Antoine Blanchard, like his predecessors, Edouard Cortes and Galien Laloue, has captured the essence of Parisian life with such perfection, accuracy and subtle intimacy that we cannot help but become an accomplice as well as an obliging and fortunate victim to its lure. With a technique delicate in brushwork, generous in color and alive with a movement that is newer in style and quite distinctive from those he followed, Blanchard paints a Paris that never sleeps, a city bustling with activity, from morning to evening, from season to season. We are invited to stroll amidst the lights and shadows of the exquisite architecture and experience Paris as it once was.
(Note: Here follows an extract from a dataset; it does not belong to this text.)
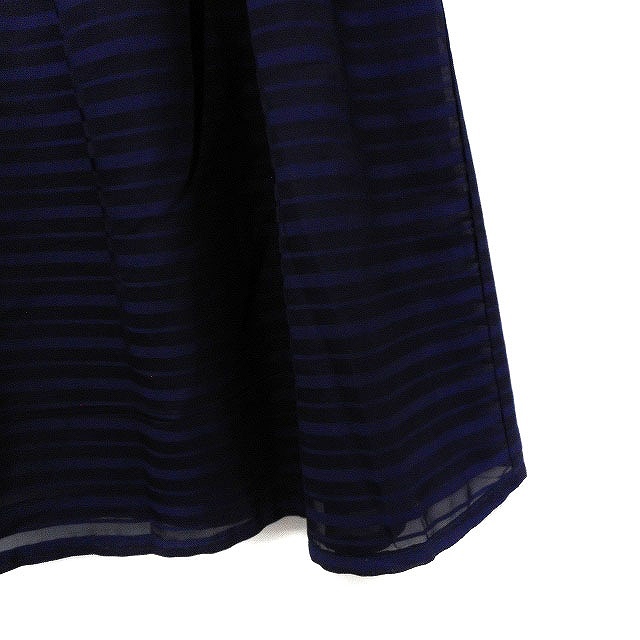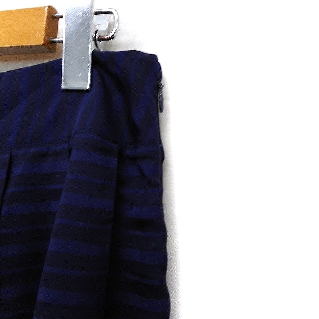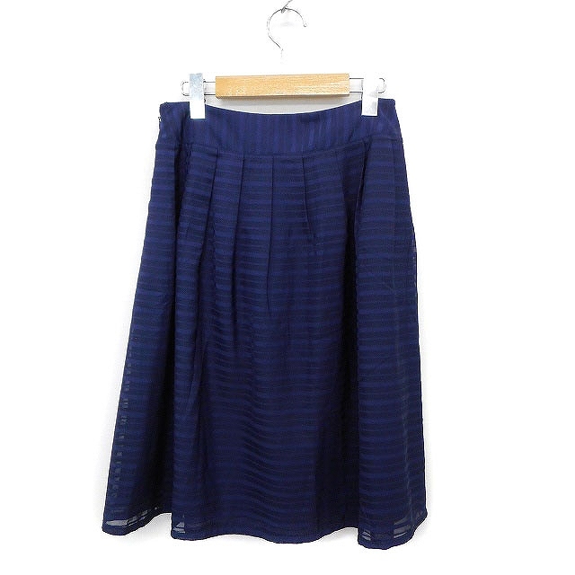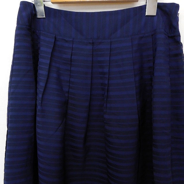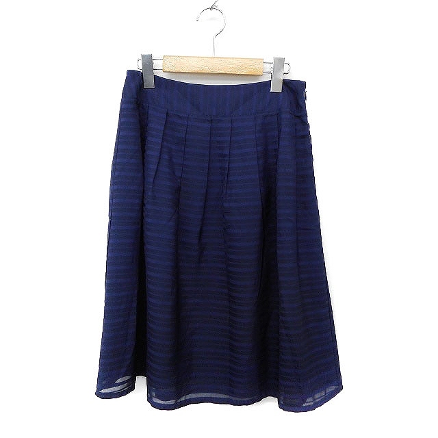 エプローヴ Eprouve ボーダー柄 タック フレアスカート ひざ下丈 M ネイビー 紺 /FT43 レディース

The eldest child of a furniture maker and his wife, Antoine was born on November 15, 1910, in a small on the banks of the Loire, near Blois. As we watched his father shape and carve pieces of wood into masterpieces of furniture, young Antoine’s creativity was inspired already at an early age, with an inclination first for drawing and sculpting, and then for painting. His parents encouraged him to enter the arts and moved the family to Rennes, in Brittany, so that he could attend the renowned Ecole des Beaux Arts there. It was not until young Blanchard moved to Paris in 1932, to continue his fine arts studies, that he discovered his passion and made his impact on the contemporary art world.

Blanchard’s career as an artist spans five decades. He exhibited regularly in the salons and galleries of Paris and received numerous awards. One of the most coveted, the premier prize, Grand Prix du Public, was awarded to him for his painting depicting Cafe de la Paix and the Opera House. Enclosed is a copy of the page from the book describing the process and the prize. The painting for which a photo has been enclosed is similar in composition to the one which won him the prize.

Blanchard passed away in 1988. A book has been published about his life and works.